Mine was no harder than the Blue Bunny Vanilla sitting nest to it in the freezer.  To get more air, I run my ice cream maker at it's higher speed.  I think the corn syrup helped the texture, as both gelatin and eggs freeze solid if in the freezer.  Corn syrup become semi hard, but still flows, albeit very slowly.

I'm not exactly sure why my home-made ice cream has the right texture, I just know that my playing around with it worked, and I have repeated it multiple times.
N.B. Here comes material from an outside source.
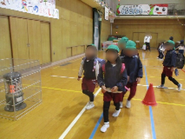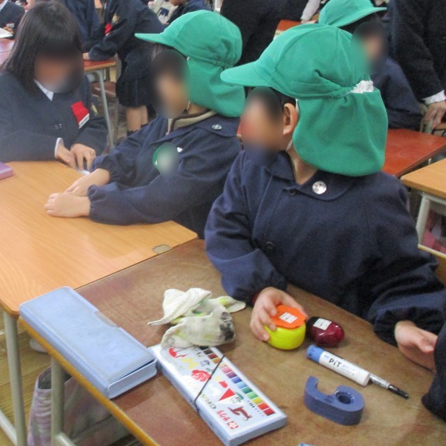 5歳児の子どもたちが、天王寺小学校に行かせていただき、1年生の教室で机と椅子を貸してもらったり、小学校で使うものを見せてもらったりしました。1年生の教室に入り、緊張した様子も見られていましたが、1年生のお兄さん、お姉さんが子どもたちに優しく声をかけ、関わってくれることに安心して過ごす姿が見られました。学校内を見学した後には、3年生が貸してくれたランドセルを背負って、体育館の中を歩かせてもらい、小学生ごっこを楽しんでいました。
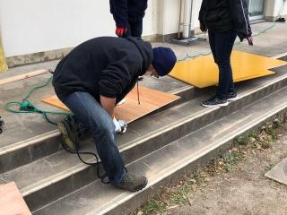 ジャンピングボードは子供たちが多く利用するので損傷が激しく、天板(ボード)やネジを補修していただきました。飛び箱の運搬台は、体育館で飛び箱を移動させるために下にキャスターがついた運搬台を4台、作っていただきました。

Seeeeeeya; Chief Longwind of the North


----------



## Silversage (Jul 20, 2015)

GA Home Cook said:


> I work for the largest Ice Cream manufacturer in the US.  A few facts. We store our Ice Cream at -20 F.  Yep, -20.  The big difference that you cannot duplicate in a home freezer is the amount of air we inject.  Take a container of ice cream and let it melt and see how much you have left.  One of the things that we do not allow is our ice cream to get warm.  Once it starts to melt, you loose the air and then when it re-freezes you get Ice crystal and that crunchy feel.  Net net -  home made ice cream will always freeze hard.



Whipping in more air is also what makes ice cream cheaper.  Premium ice creams have less air, not more.  More air is called 'overrun' in the industry, and it's not a desirable thing.  Cheap manufacturers selling more air is precisely why many of us prefer to make our own.  The Blue company also uses more milk/less cream for a lower fat content and lower cost.  They make up for it by adding more sugar.  Fat doesn't freeze as hard as water, so they have to add more sugar both to compensate for the texture issues and to add back some missing flavor.  I also used to work in the ice cream industry - but for a small batch processor.  The blue company couldn't hold a candle to our stuff.  Bigger doesn't mean better.  

Rich & dense - that's what we look for.  

Chief is right - corn syrup, maple syrup, agave syrup, honey can all help PianoAl with his ice cream, but he apparently is trying for a sugar-free ice cream.  More air won't help with that.  He needs to add an ingredient that will lower the freezing point.  The artificial sweeteners he has at his disposal aren't helping.  Adding alcohol will help.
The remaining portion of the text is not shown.